The lines below from the one with "トレビゾンド戦に付いてきたジョージアを共戦国指定し武力属国化しました。" up to and including the one with "北側は桜に包まれた「仏舎利塔" are what you should set down, exactly and without pictures.

- _AVAILABLE RECORDS_
==========
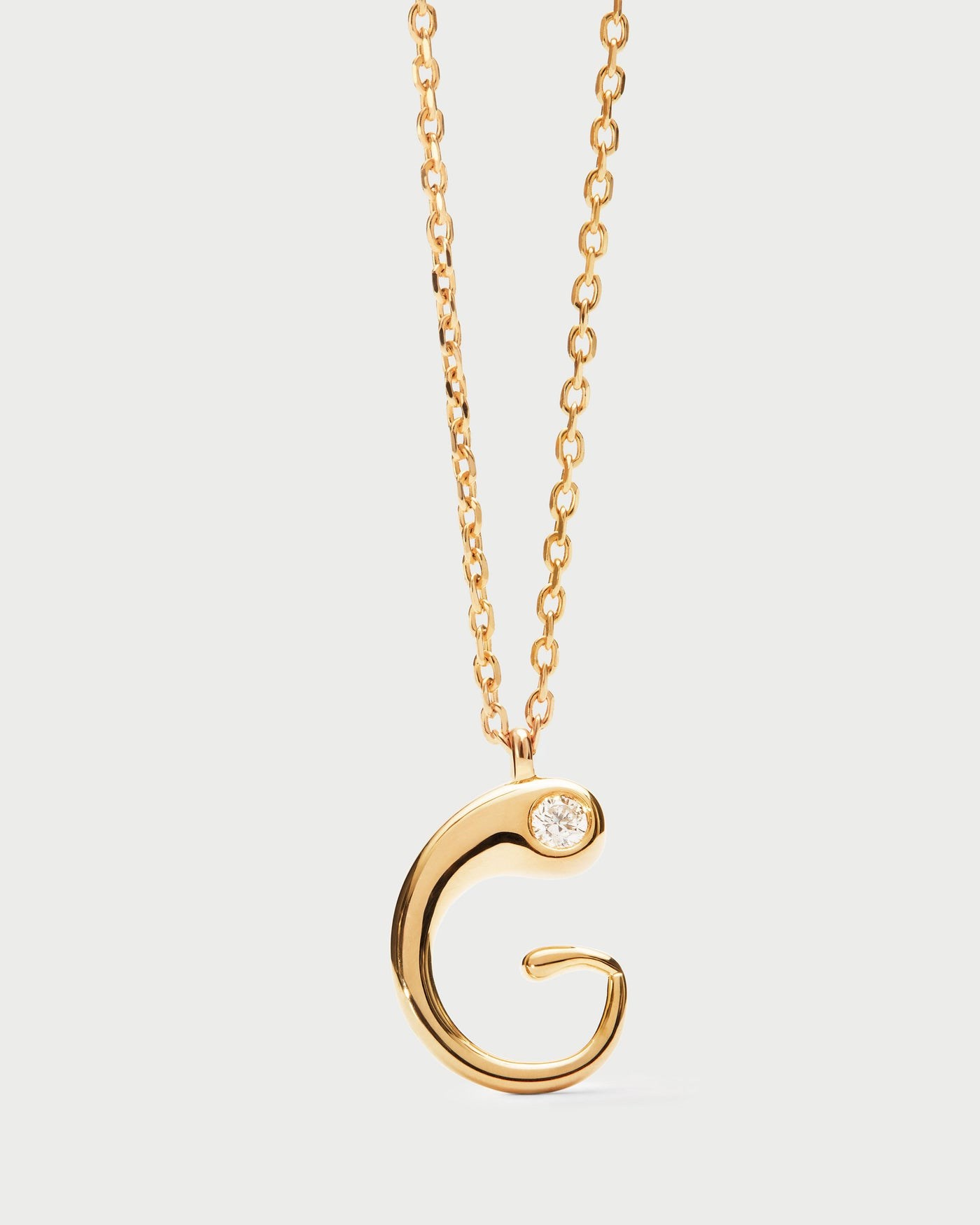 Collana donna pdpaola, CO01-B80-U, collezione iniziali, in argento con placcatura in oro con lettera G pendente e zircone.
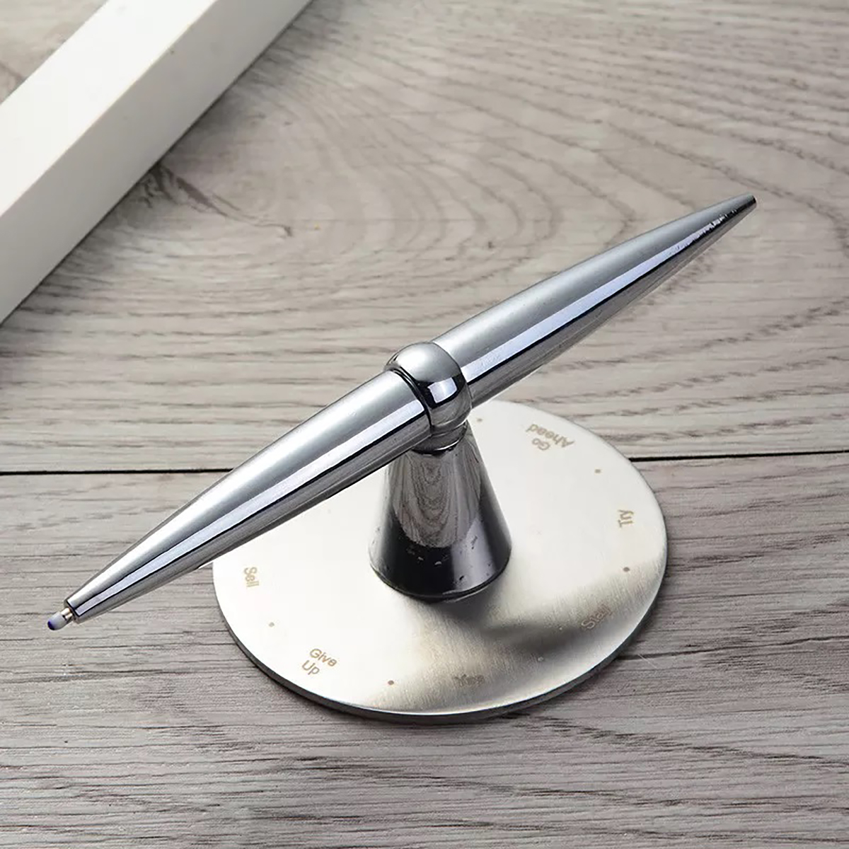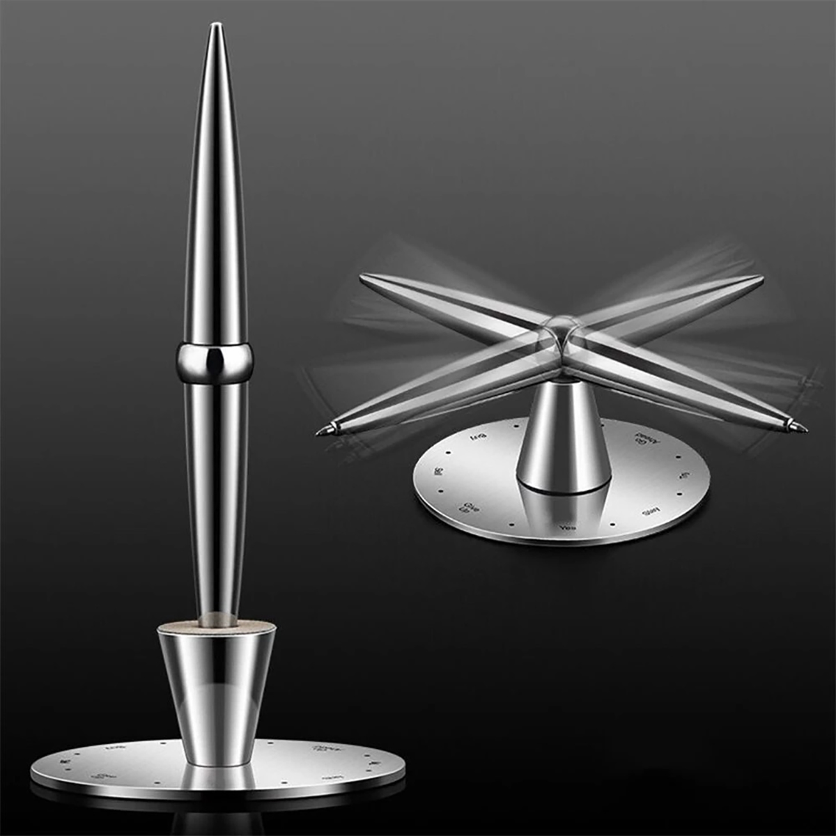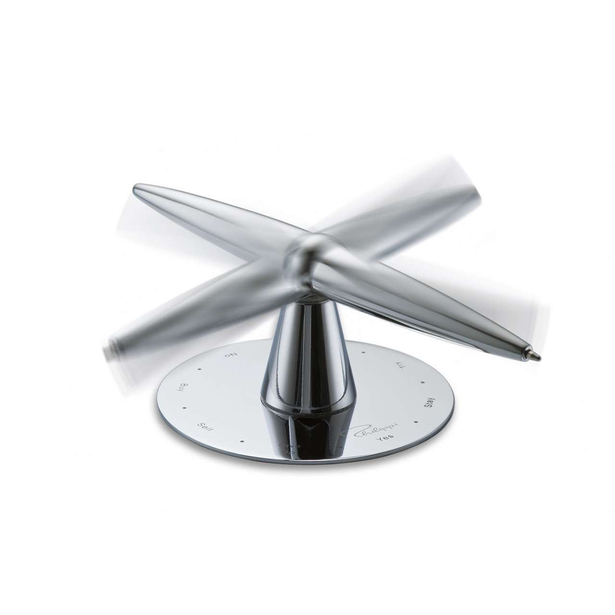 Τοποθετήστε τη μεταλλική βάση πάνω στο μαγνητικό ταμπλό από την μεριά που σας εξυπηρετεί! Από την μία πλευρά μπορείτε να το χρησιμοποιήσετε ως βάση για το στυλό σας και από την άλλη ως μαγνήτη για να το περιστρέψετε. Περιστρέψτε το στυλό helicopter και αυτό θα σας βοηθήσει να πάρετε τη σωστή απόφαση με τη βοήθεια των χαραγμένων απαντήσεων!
==========
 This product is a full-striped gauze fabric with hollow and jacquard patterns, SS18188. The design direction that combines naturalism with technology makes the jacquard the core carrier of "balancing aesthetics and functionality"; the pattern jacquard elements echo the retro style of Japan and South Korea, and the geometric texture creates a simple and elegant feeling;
==========
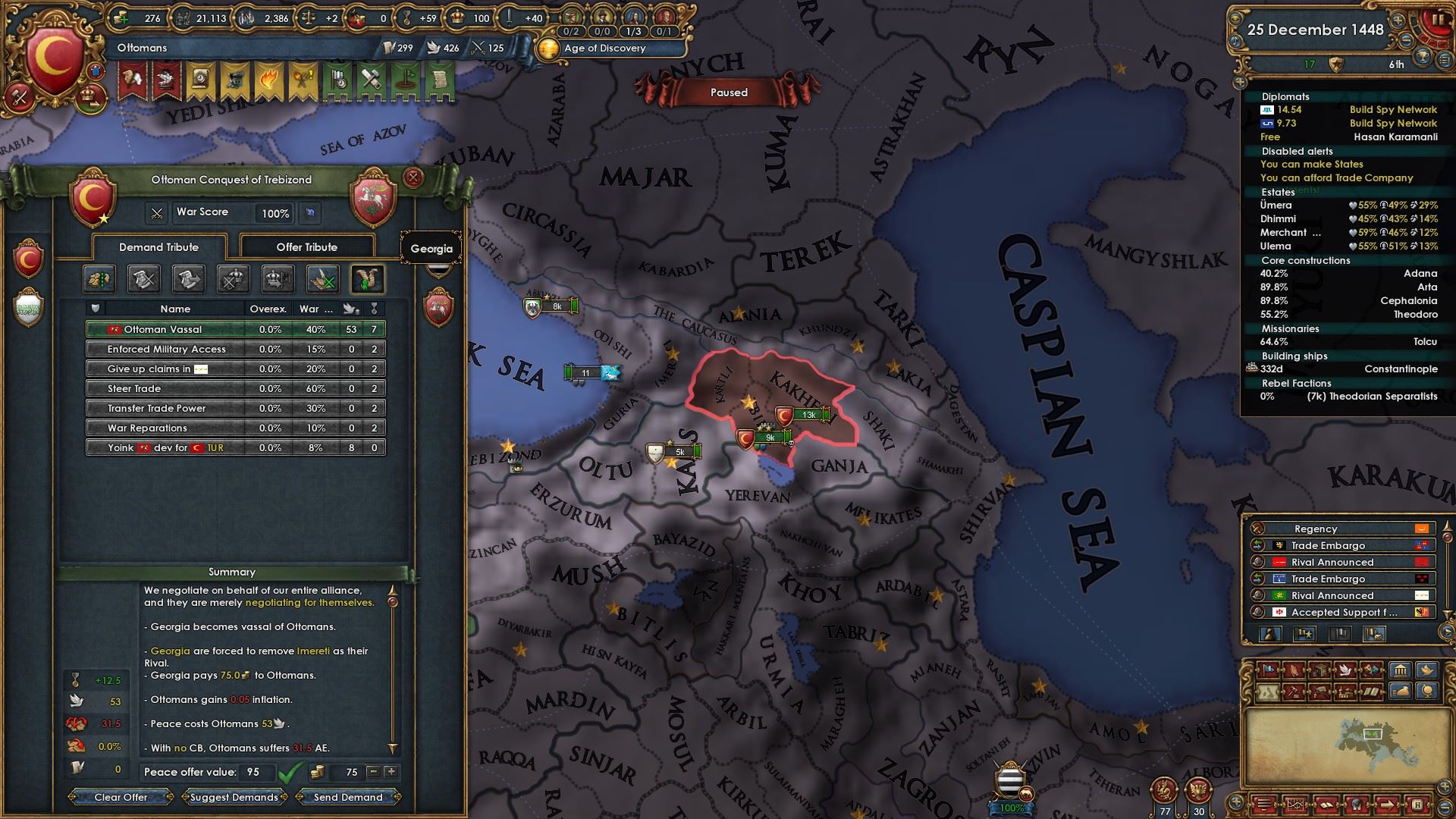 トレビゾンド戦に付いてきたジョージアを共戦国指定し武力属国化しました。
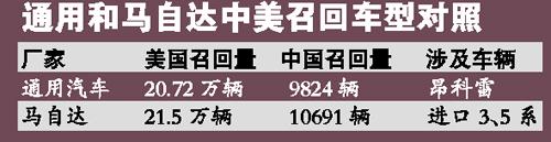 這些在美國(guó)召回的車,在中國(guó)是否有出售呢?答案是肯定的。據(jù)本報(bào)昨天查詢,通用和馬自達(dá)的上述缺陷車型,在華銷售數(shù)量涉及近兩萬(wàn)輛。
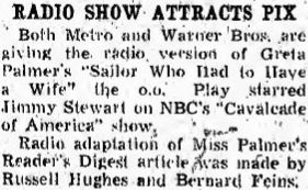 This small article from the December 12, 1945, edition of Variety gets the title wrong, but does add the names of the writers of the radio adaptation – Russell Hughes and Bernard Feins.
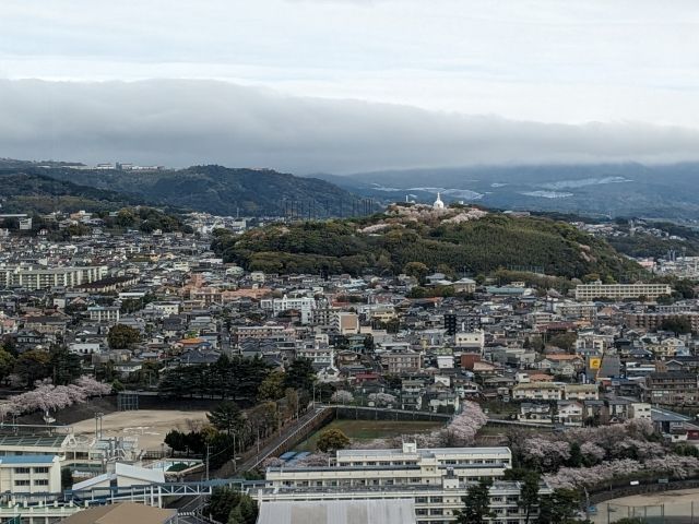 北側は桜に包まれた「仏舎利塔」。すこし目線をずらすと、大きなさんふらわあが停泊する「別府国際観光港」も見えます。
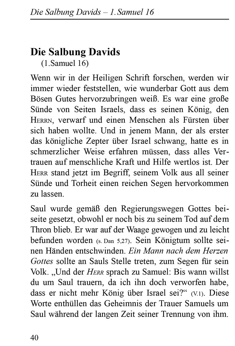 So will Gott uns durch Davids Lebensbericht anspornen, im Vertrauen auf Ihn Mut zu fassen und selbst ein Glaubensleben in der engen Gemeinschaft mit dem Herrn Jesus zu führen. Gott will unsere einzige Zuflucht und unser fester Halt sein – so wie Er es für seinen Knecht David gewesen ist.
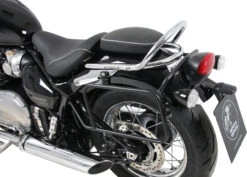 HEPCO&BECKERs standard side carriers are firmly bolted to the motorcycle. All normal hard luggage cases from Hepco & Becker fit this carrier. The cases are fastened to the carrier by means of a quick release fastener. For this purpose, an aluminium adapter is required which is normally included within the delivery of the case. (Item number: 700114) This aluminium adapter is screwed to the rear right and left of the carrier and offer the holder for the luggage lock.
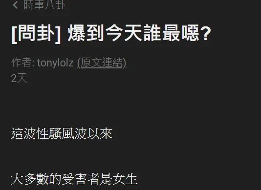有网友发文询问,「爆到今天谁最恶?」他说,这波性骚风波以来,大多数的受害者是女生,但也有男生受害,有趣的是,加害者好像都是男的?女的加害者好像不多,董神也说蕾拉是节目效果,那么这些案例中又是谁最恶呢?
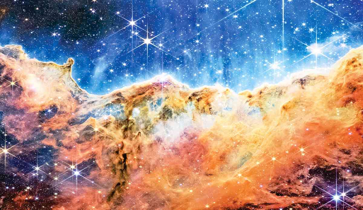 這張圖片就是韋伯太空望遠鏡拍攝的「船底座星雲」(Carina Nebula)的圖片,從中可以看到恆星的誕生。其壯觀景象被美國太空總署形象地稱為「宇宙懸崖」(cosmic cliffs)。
==========
- _EXPECTED OUTPUT_
 トレビゾンド戦に付いてきたジョージアを共戦国指定し武力属国化しました。
 這些在美國(guó)召回的車,在中國(guó)是否有出售呢?答案是肯定的。據(jù)本報(bào)昨天查詢,通用和馬自達(dá)的上述缺陷車型,在華銷售數(shù)量涉及近兩萬(wàn)輛。
 This small article from the December 12, 1945, edition of Variety gets the title wrong, but does add the names of the writers of the radio adaptation – Russell Hughes and Bernard Feins.
 北側は桜に包まれた「仏舎利塔」。すこし目線をずらすと、大きなさんふらわあが停泊する「別府国際観光港」も見えます。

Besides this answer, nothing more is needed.